One Big Table (OBT)

aka Wide Tables

Wide Tables / One-Big-Table — What They Are

A Wide Table (also called One Big Table, Single Table, Flattened Table, or Denormalized Table) is a modeling strategy where you put almost all fields into a single, very wide, denormalized table, often with:

Hundreds or thousands of columns
Nested structures (JSON, arrays)
Sparse data (many nulls)
Very few joins — ideally none

The grain is usually something like:

order
customer-day
session
event
product snapshot
transaction

…and everything related to that grain is embedded directly into the same row.

This approach became popular in the era of cloud columnar databases.

Why Wide Tables Exist (Modern Reasons)

Cheap storage

In cloud data warehouses:

Storage is extremely cheap
Compute is separate from storage
It’s cheaper to store denormalized data than engineer a perfect model

This removes the historical pressure behind strict Kimball/Inmon modeling.
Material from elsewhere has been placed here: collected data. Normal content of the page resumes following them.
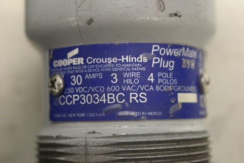 CROUSE HINDS CCP3034BCRS 3P4W 30AMP 600V MALE CORD END POWERMATE PLUG REVERSE SERVICE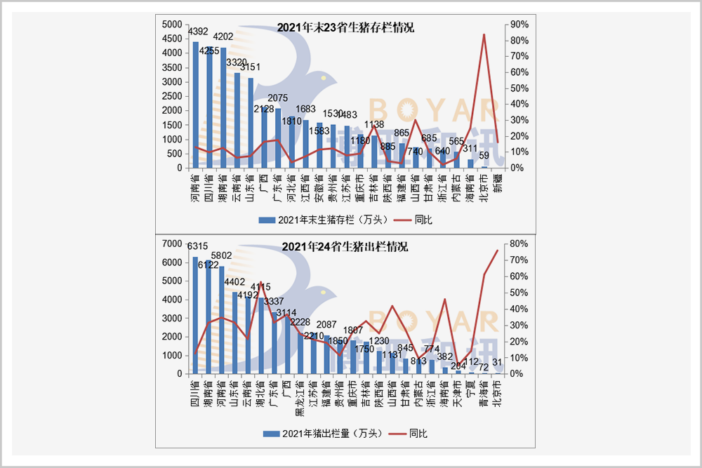 丰沛的粮食产量,还推起了一个下游产业。河南是生猪养殖大省和外调大省,常年生猪饲养量约占全国的十分之一,是全国重要的生猪生产加工供应基地。2021年,河南生猪存栏4392万头、出栏5802万头,分别居全国第一位和第三位。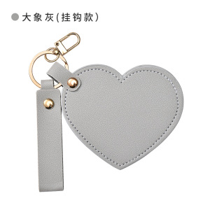 可爱桃心化妆镜爱心旋转皮革礼品小镜子随身便携折叠皮革钥匙扣镜
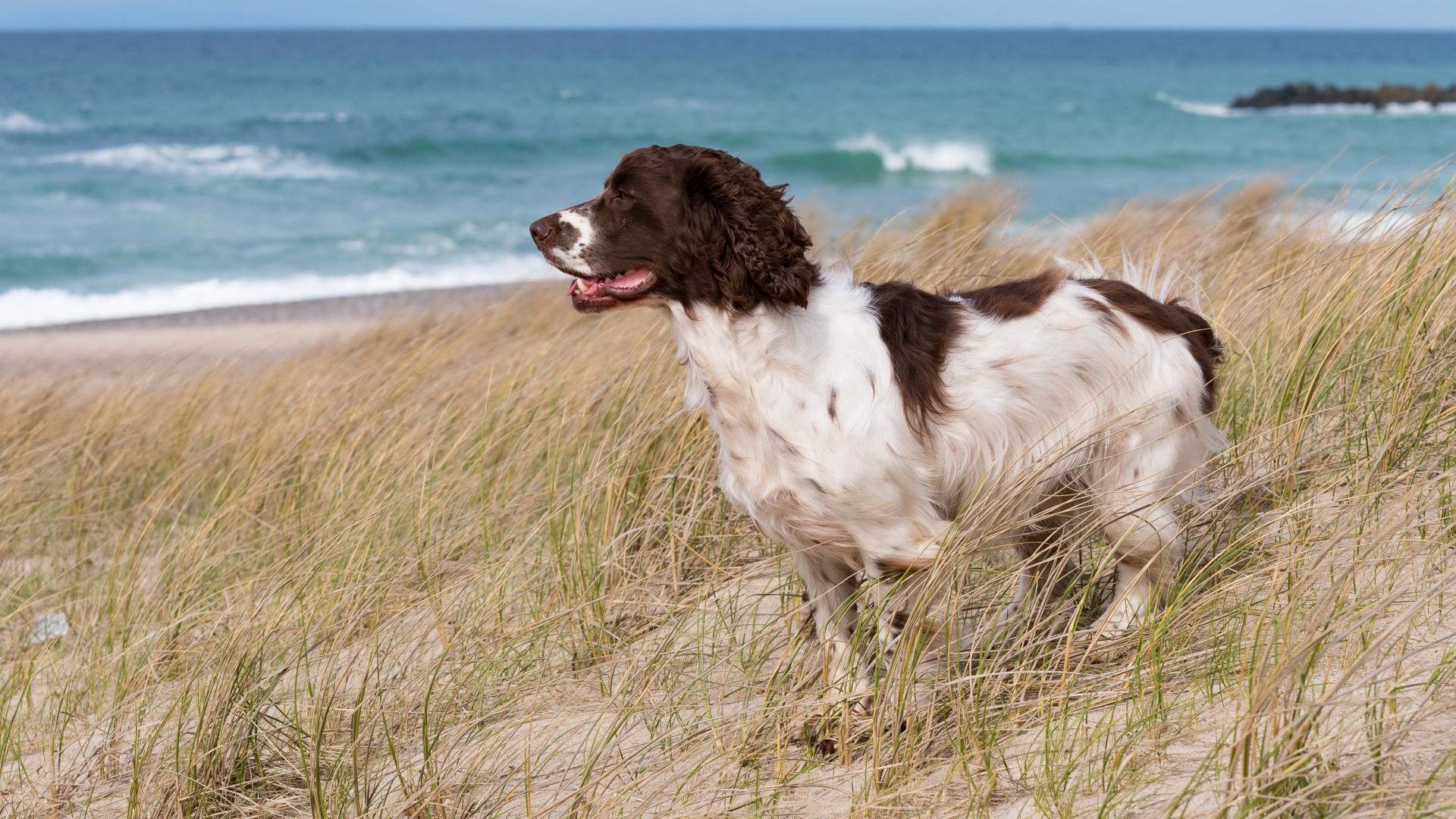 Wallpaper Cocker Spaniel is standing on the grass at the seaside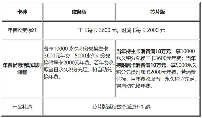 具体来看,精致版白金信用卡新增了每年2次300精选酒店贵宾价入住等礼遇;经典版白金信用卡则在10000永久积分兑换主卡年费、5000永久积分兑换附属卡年费的基础上,增加了主卡需消费满18万元、附属卡消费满10万元的门槛。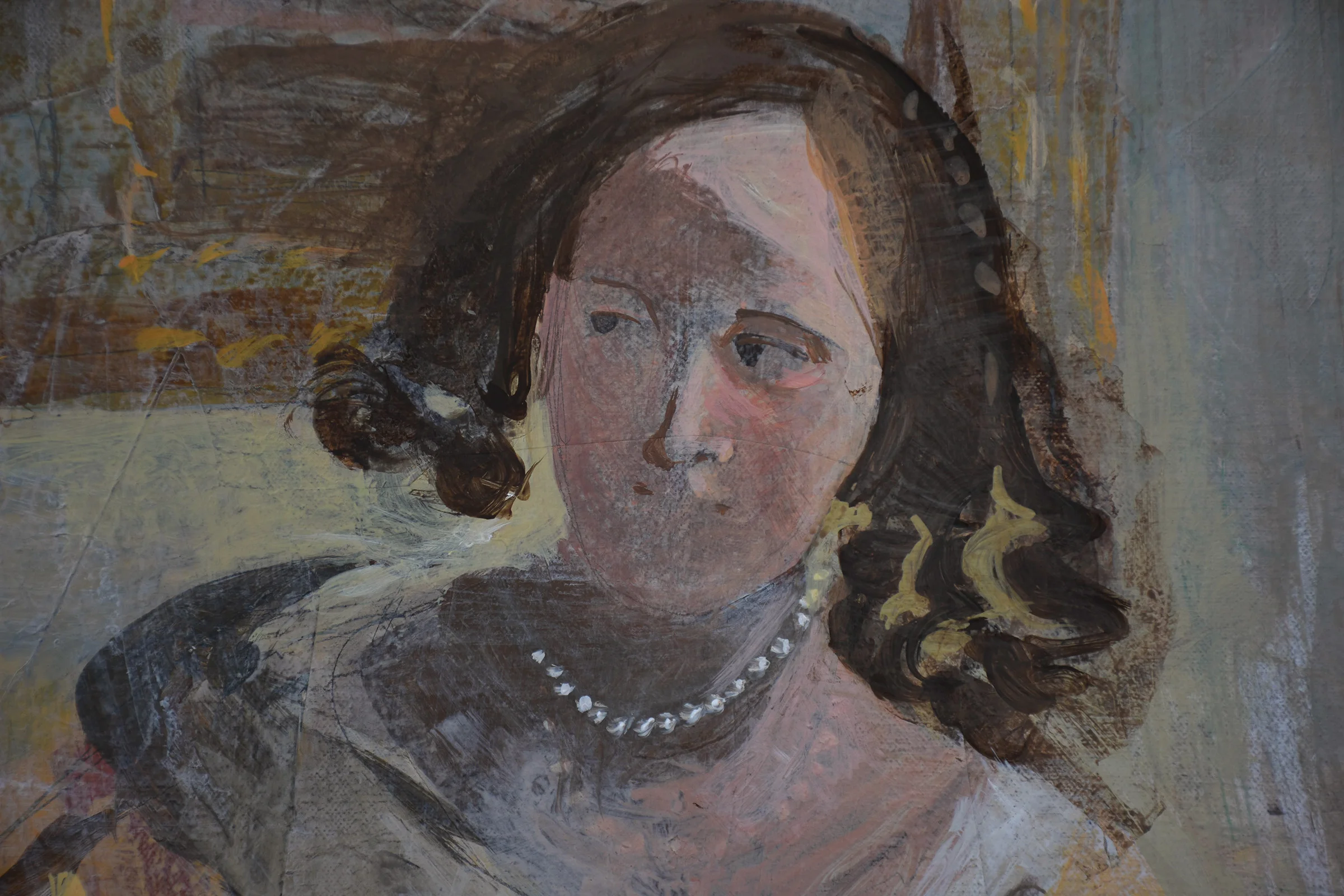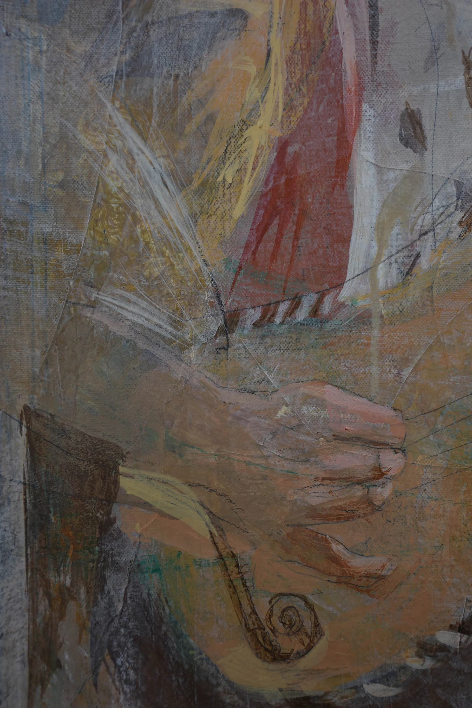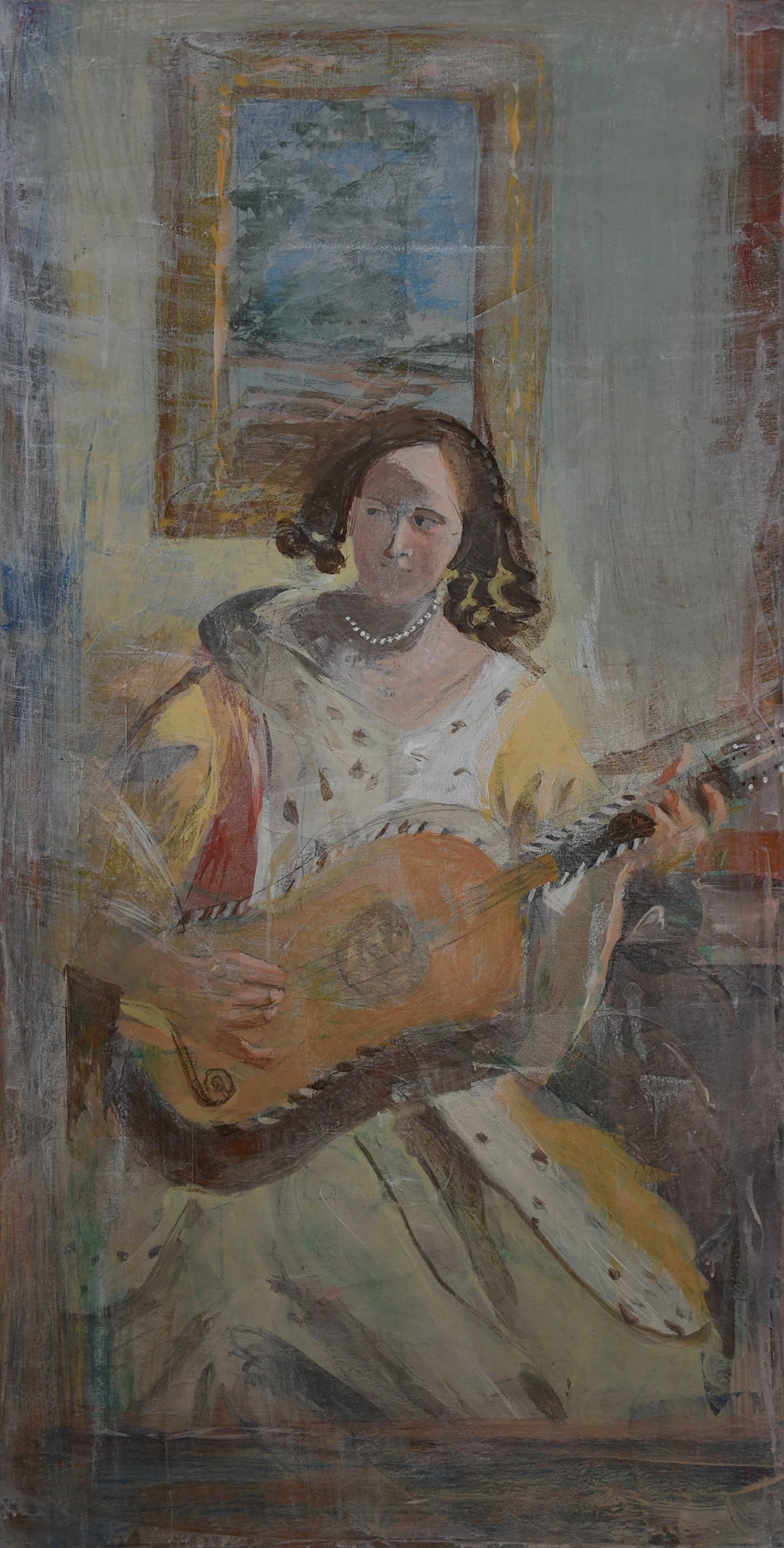 2:26 pm: yep. the saga of grey 2/the guitar player continues. after more critical (and loving) gazing over at the house, i saw that i had overdone it with lightening and simplifying, especially on the face and locks of hair, but on her right hand as well. so i am doing the rough equivalent of brain surgery. but imagine the surgeon wanted to create the most elegantly beautiful result, as well as healing the patient. please excuse me, brain surgeons!

Columnar storage makes sparse data fast

Columnar engines (BigQuery, Snowflake, Redshift, Databricks) read only the columns used in a query.

If 95% of columns are null for most rows:

null columns cost almost nothing
column pruning makes scans fast
you don’t pay to read unused fields

This makes wide schemas efficient — something that relational row-based engines struggled with.

Flexible and evolving schemas

Modern systems produce:

JSON
events
semi-structured logs
rapidly-evolving fields

Adding new attributes constantly is common.

In columnar storage:

adding a column = metadata change
data for that column is stored only when written

This enables schema evolution with almost no overhead.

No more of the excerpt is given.